The rest of the genealogical challenge is that with these huge files sizes we accumulate a lot of diverse types of files; text files, JPEG files, TIFF files, DOC files, PDF files, just to name a very small sample. The programs have to be able to import and view all of those various file types and keep track of their storage locations on our hard drives. If you have been using a genealogical database program for a while, you likely know that keeping track of all that information is a challenge.

Right now, we have no way of completely transferring all of the information in our genealogical data files including all of the attached media files (photos, documents etc.) from one program to another. What Tony is talking about, in part, are all the technical issues involved in transferring that data from one computer program to another. There are several reasons why this is desirable. The primary reason is that we do not want to lose data to obsolete programs.

If you have your genealogy on 3.5 inch floppy disks in an older program such as Personal Ancestral File (PAF), you many have noticed something. There are no more floppy disk drives around except on very, very old computers. There is a huge challenge in transferring those old files into a format that can be used on a new computer. This is especially true if the the old PAF file was stored on multiple disks. I might also mention that even if the old PAF file was on multiple floppy disks, that file did not have a copy of any attached media files such as photos or documents. Those were not copied when you backed up the file or put it on multiple disks. So, in most cases, the media files have been lost.

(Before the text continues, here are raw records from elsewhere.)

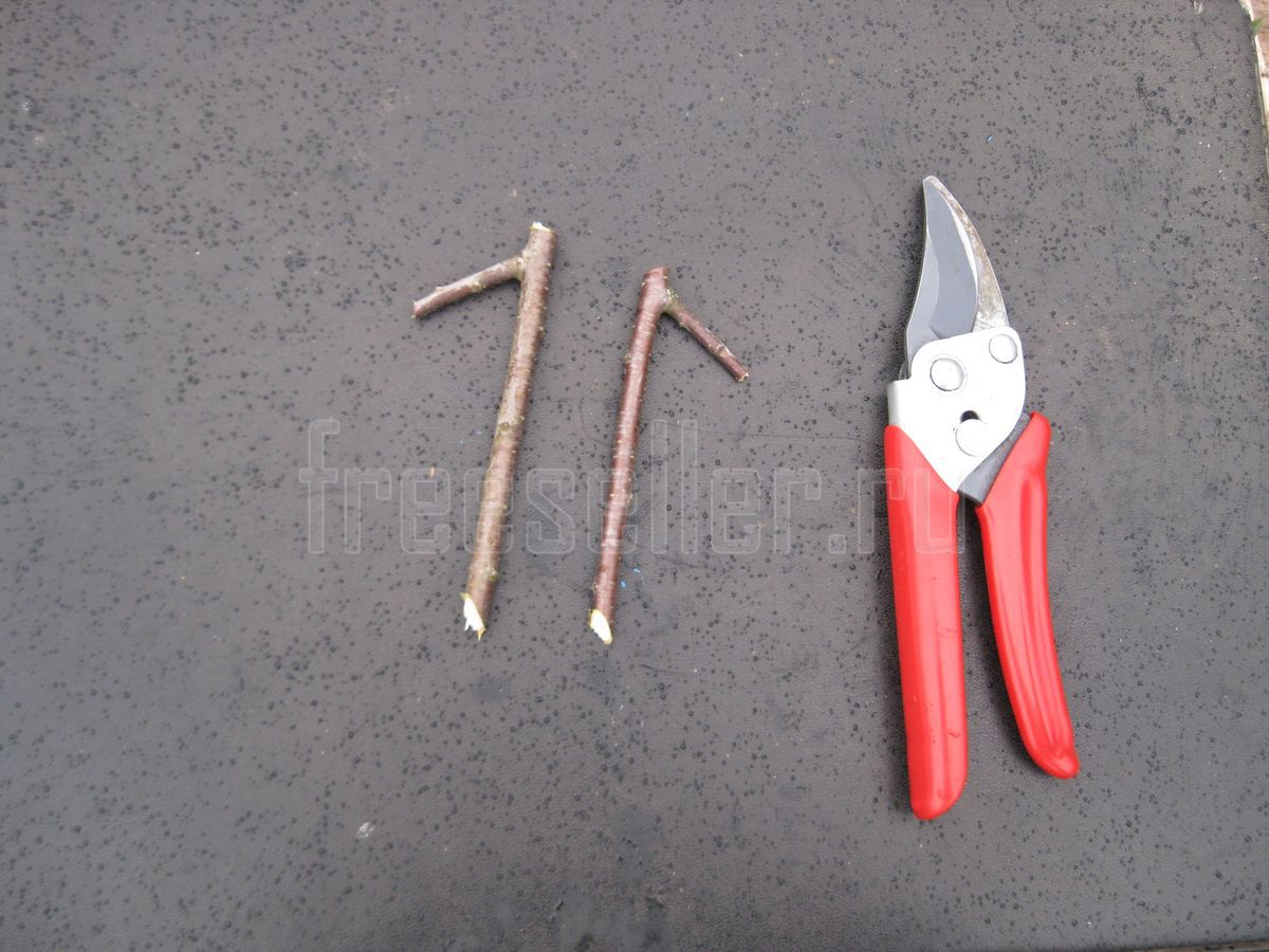 После этого, нужно заготовить крючки, которыми мы будем пришпиливать ветки к земле. Для этого можно использовать проволоку, но проще вырезать такие крючки при помощи садового секатора из веток плодовых деревьев, предназначенных на весеннюю обрезку или уже срезанных.
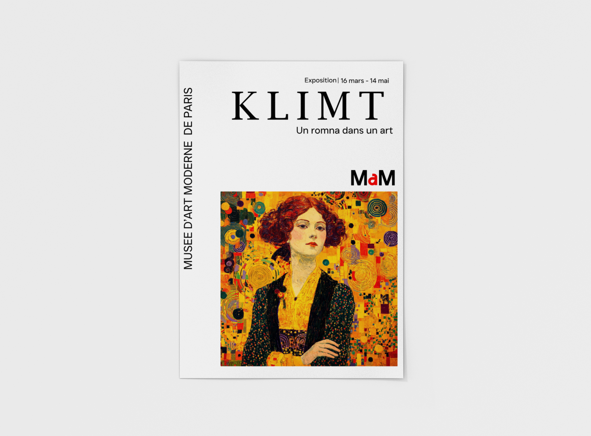 Where bold geometry meets golden grace. This Klimt exhibition-style poster channels the allure of La Belle Époque — rich, radiant, and unapologetically artistic. A celebration of color, pattern, and poise that turns any wall into a Parisian gallery.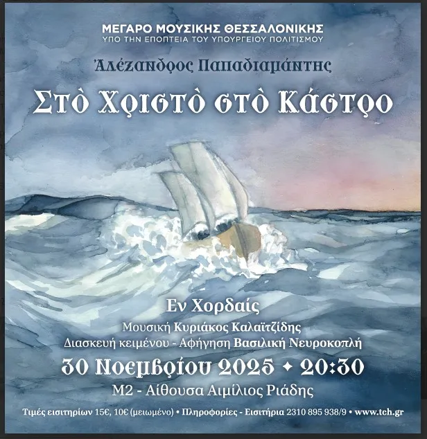 Η μουσική παράσταση Στο Χριστό στο Κάστρο βασίζεται στο ομώνυμο διήγημα του Αλέξανδρου Παπαδιαμάντη. Μετά τη θερμή του υποδοχή και τη μεγάλη επιτυχία της πρεμιέρας στη Βοστώνη, η παράσταση παρουσιάζεται στη Θεσσαλονίκη. Η Βασιλική Νευροκοπλή διασκεύασε μια συνεπτυγμένη μορφή του διηγήματος σε ιαμβικό δεκαπεντασύλλαβο με ομοιοκαταληξία, αποδίδοντας με πιστότητα το ύφος και τη γλώσσα του Παπαδιαμάντη. Ο Κυριάκος Καλαϊτζίδης συνέθεσε πρωτότυπη μουσική και μελοποίησε τους στοίχους, αξιοποιώντας τα ηχοχρώματα και τις μελωδίες της βυζαντινής οκταηχίας. Πρόκειται για μια ιδιαίτερη μουσική παράσταση για μικρούς και μεγάλους, που μας ταξιδεύει στη Σκιάθο του 18ου αιώνα και αναδεικνύει με ευαισθησία την πίστη, την απλότητα και την αλληλεγγύη των απλών ανθρώπων, ενώ αποτυπώνει με γλαφυρότητα το ελληνικό ήθος και το ορθόδοξο πνεύμα της εορτής των Χριστουγέννων.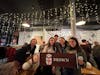 Brown students and alums pose with Brown banner at community gathering. The gathering was one of many hosted following the Dec. 13 mass shooting. Photo Courtesy of Cliff Saper.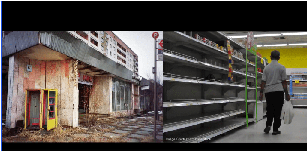 -economic instability, broken food supply, empty supermarkets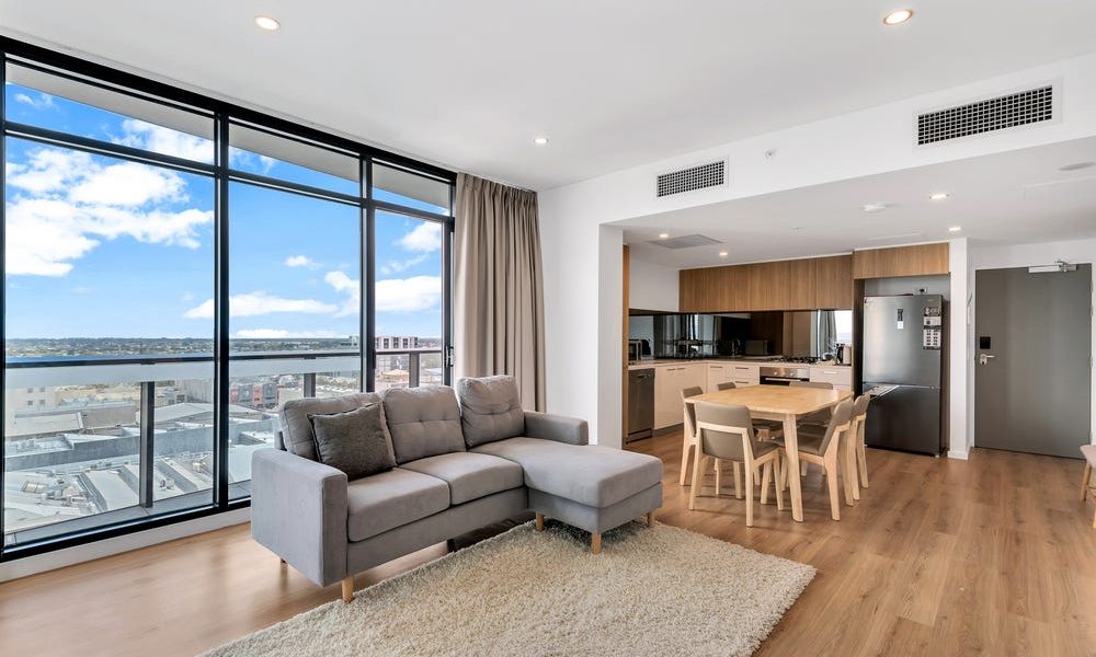 除了配备了内置衣柜、豪华地毯的卧室和带有斯堪的纳维亚风格梳妆台的浴室外,这套公寓还提供健身房、全长游泳池、私人影院和现代商务中心等设施。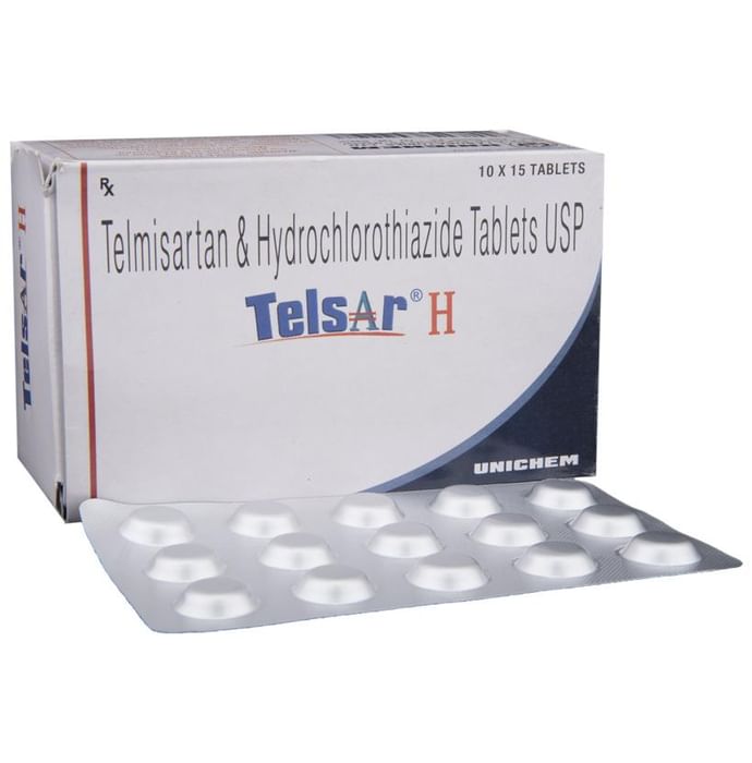 In Treatment of Hypertension (high blood pressure) Telsar H Tablet is a combination of two medicines namely telmisartan and hydrochlorothiazide. It is generally used when one medicine alone is not controlling your blood pressure effectively. Telmisartan works by relaxing and widening your blood vessels so your blood can flow more easily. This will lower your blood pressure. Hydrochlorothiazide is known as a diuretic (water pill) which increases urine output thereby lowering blood pressure. If your blood pressure is controlled you are less at risk of having a heart attack, stroke, or kidney problems. The medicine must be taken regularly as prescribed to be effective. You do not usually feel any direct benefit from taking this medicine, but it works in the long term to keep you well.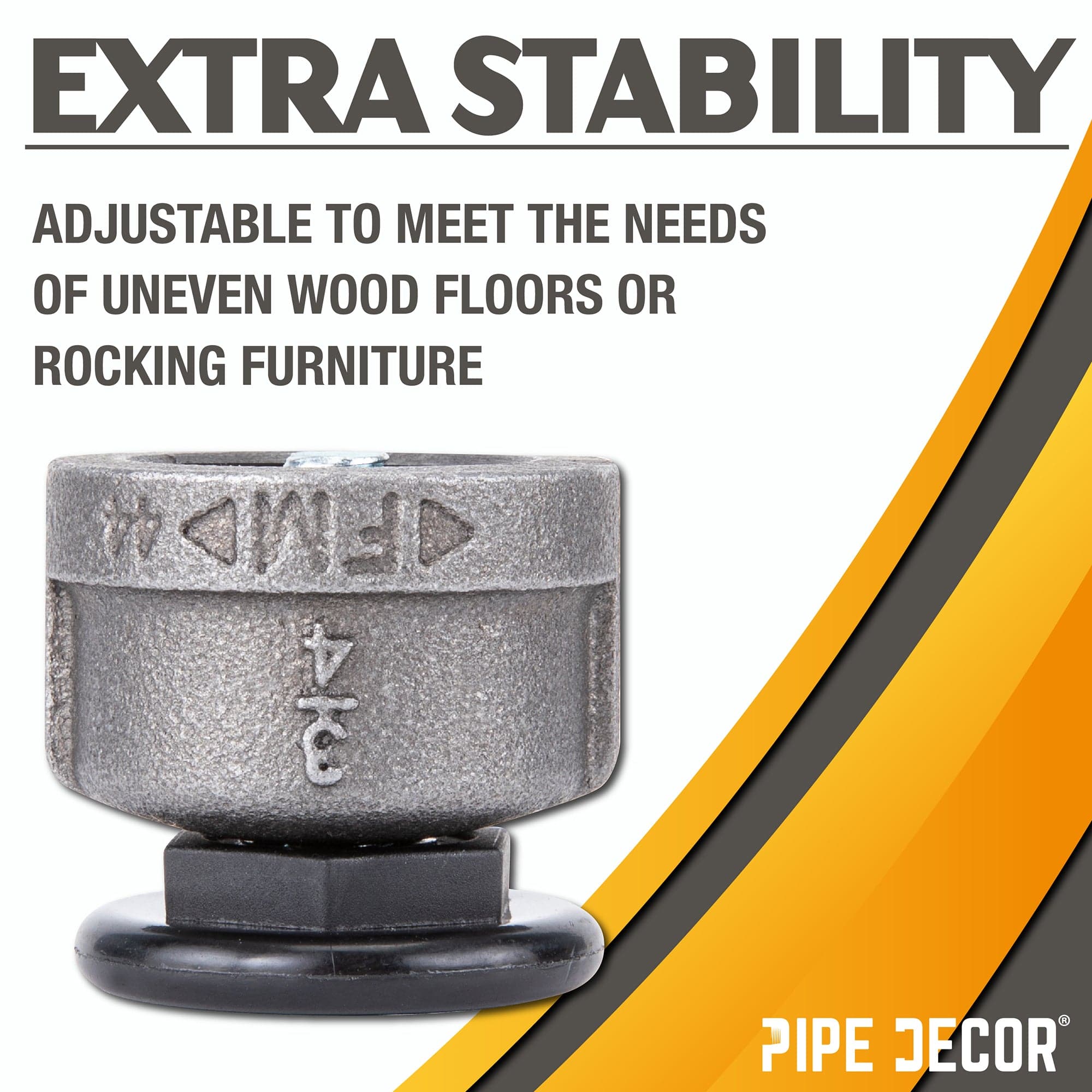 Take your pipe decor to the next level! Customize your pipe furniture with these levelers to add more height or compensate for uneven flooring.

Today's genealogy programs, for the most part, do not make a copy of the attached media files. So even if we come up with a way to transfer the data from program to program, we will still be faced with the problem of including a way to copy and find the attached media files. All of this takes more and more computer memory, hence back to Tony's discussion.

One option that is just now starting to be viable, is to put all your information into an online programs such as's Family Tree. But as you probably know if you have been reading this blog, that is an entirely different challenge.

All of this discussion is aimed at the issue of preserving our genealogical work for future genealogists. That is the core concept and core goal of these types of discussions.


  1., which genealogy database program do you use?

    1. All of them. I usually have up to ten different programs at a time.